====== Information supplied ======

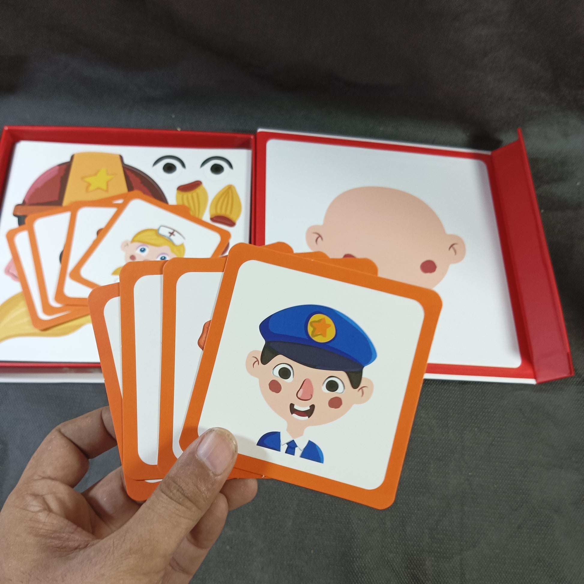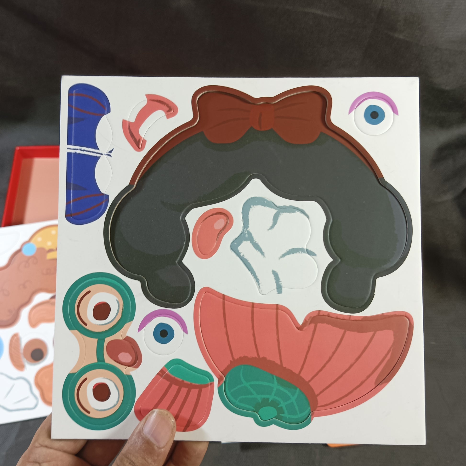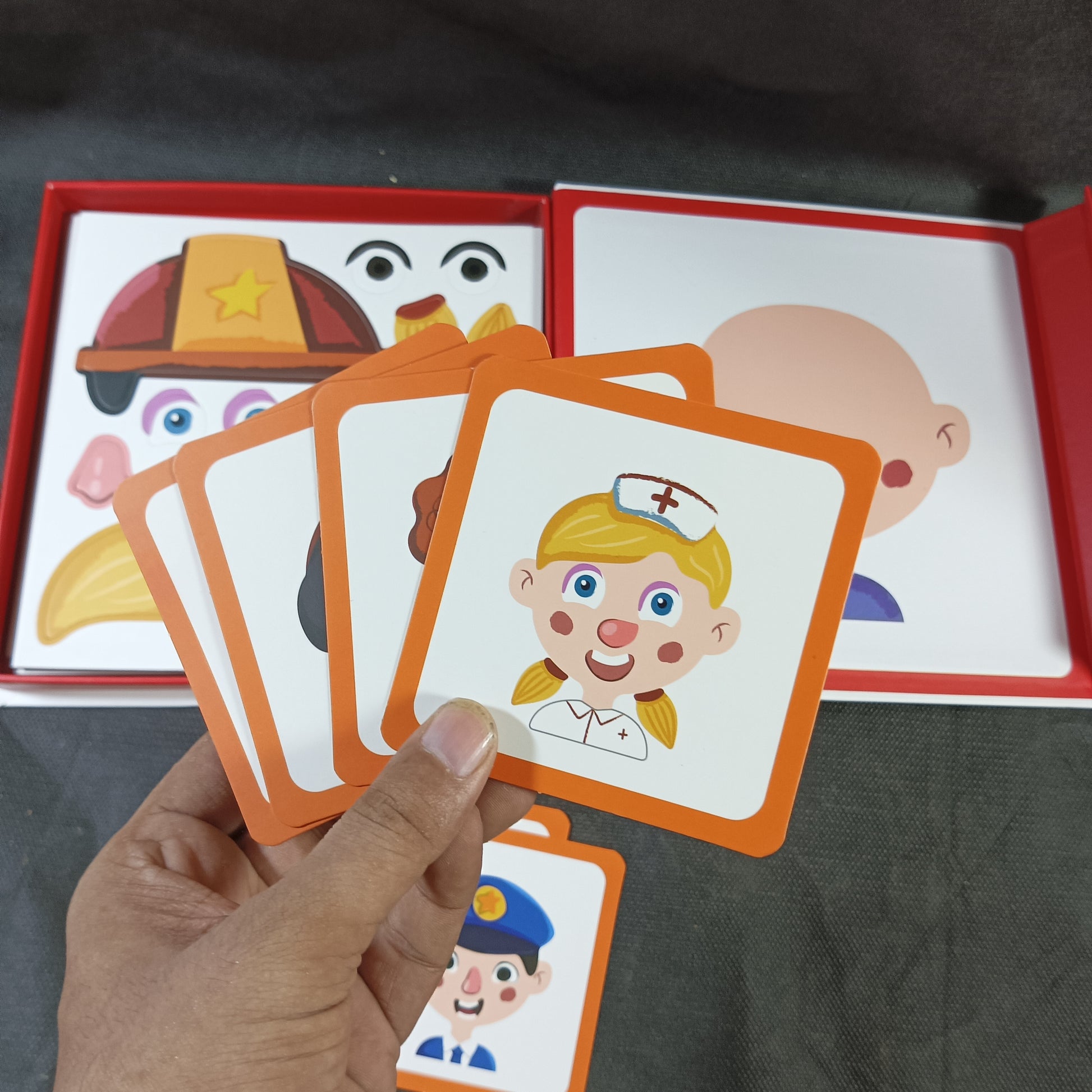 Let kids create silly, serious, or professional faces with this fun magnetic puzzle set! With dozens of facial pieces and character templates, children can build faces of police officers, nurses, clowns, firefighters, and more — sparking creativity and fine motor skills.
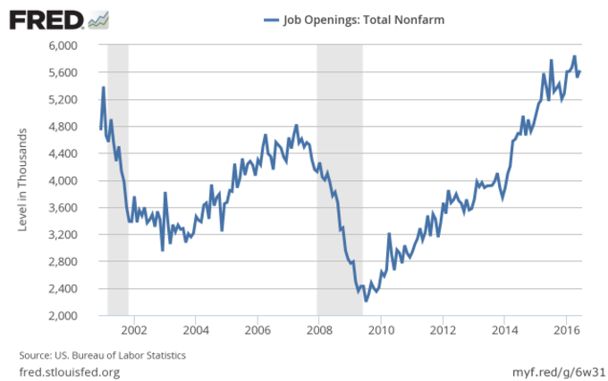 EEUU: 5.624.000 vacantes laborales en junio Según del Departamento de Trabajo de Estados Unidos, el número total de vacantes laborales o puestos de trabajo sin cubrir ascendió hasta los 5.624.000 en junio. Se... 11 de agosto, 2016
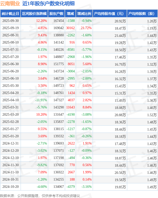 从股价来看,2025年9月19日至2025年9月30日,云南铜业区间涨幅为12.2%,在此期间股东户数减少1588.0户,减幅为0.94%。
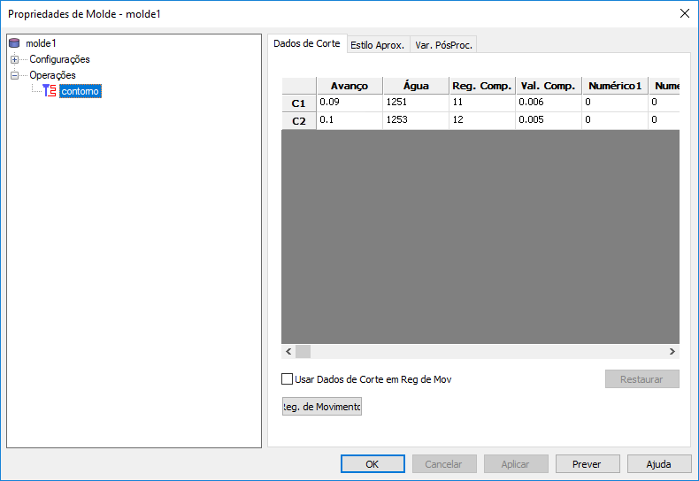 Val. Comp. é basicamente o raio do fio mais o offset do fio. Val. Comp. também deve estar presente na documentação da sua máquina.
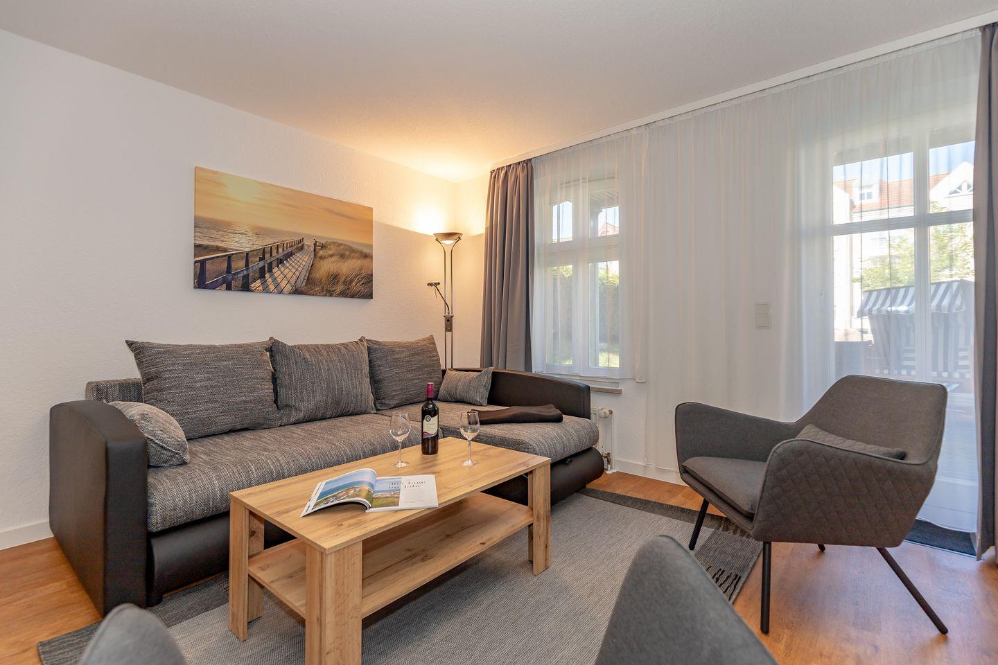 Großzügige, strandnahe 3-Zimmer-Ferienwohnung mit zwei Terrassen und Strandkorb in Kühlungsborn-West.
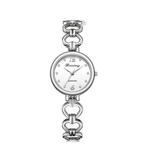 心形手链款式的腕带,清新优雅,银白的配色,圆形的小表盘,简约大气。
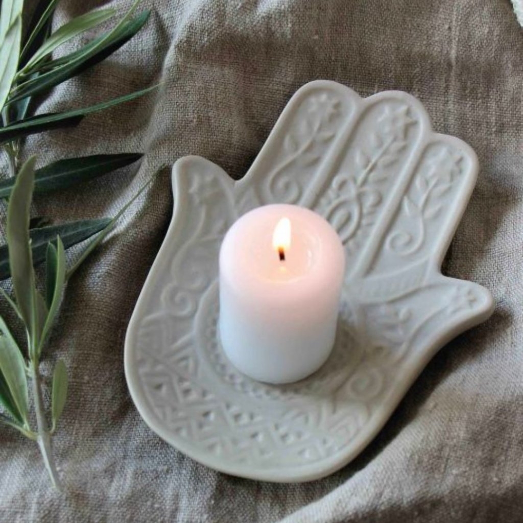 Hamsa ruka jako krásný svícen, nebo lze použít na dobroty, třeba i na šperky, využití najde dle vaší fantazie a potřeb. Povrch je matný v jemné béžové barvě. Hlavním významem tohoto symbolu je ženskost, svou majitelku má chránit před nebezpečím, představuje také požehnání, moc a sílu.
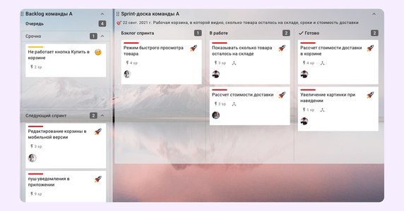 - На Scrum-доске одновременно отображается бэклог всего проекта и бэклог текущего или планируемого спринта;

======

Task description: Beginning with the line above that has "从股价来看,2025年9月1" and going on through the line that has "心形手链款式的腕带,清新优雅,银白的配色,圆形的小表盘,简约大气。", retype every line exactly and add nothing else; drop the pictures.

Answer below:
 从股价来看,2025年9月19日至2025年9月30日,云南铜业区间涨幅为12.2%,在此期间股东户数减少1588.0户,减幅为0.94%。
 Val. Comp. é basicamente o raio do fio mais o offset do fio. Val. Comp. também deve estar presente na documentação da sua máquina.
 Großzügige, strandnahe 3-Zimmer-Ferienwohnung mit zwei Terrassen und Strandkorb in Kühlungsborn-West.
 心形手链款式的腕带,清新优雅,银白的配色,圆形的小表盘,简约大气。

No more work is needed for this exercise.